◆ **DATASET EXTRACT**:
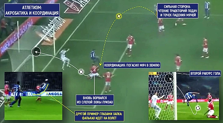 Другое фантастическое качество Фалькао того периода – акробатика. Как после этого мягкого наброса с фланга:
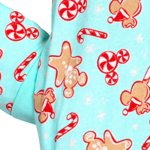 You’ll enjoy sweet dreams in this festive coverall featuring an allover print of Mickey holiday treats. The one-piece loungewear includes a hood with 3D ears and is covered in Gingerbread Mickeys, ice cream bars, and peppermint twist icons!
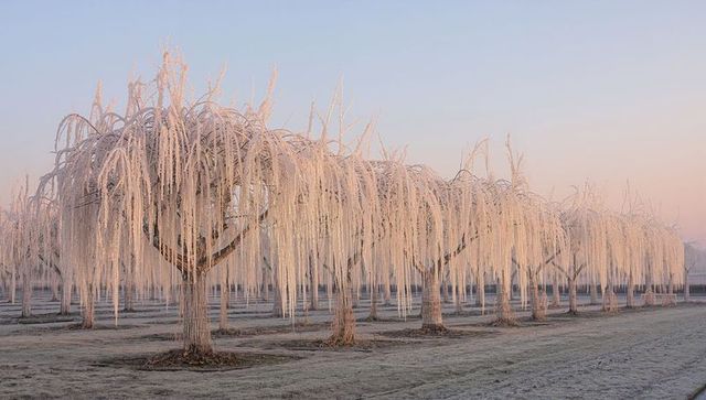 Frosted weeping willows draping orchard with hoarfrost at pastel dawn winter sunrise

◆ **WHAT YOU SHOULD DO**: Except for the pictures, the whole listing above should be transcribed exactly.

◆ **RESPONSE BOX**:
 Другое фантастическое качество Фалькао того периода – акробатика. Как после этого мягкого наброса с фланга:
 You’ll enjoy sweet dreams in this festive coverall featuring an allover print of Mickey holiday treats. The one-piece loungewear includes a hood with 3D ears and is covered in Gingerbread Mickeys, ice cream bars, and peppermint twist icons!
 Frosted weeping willows draping orchard with hoarfrost at pastel dawn winter sunrise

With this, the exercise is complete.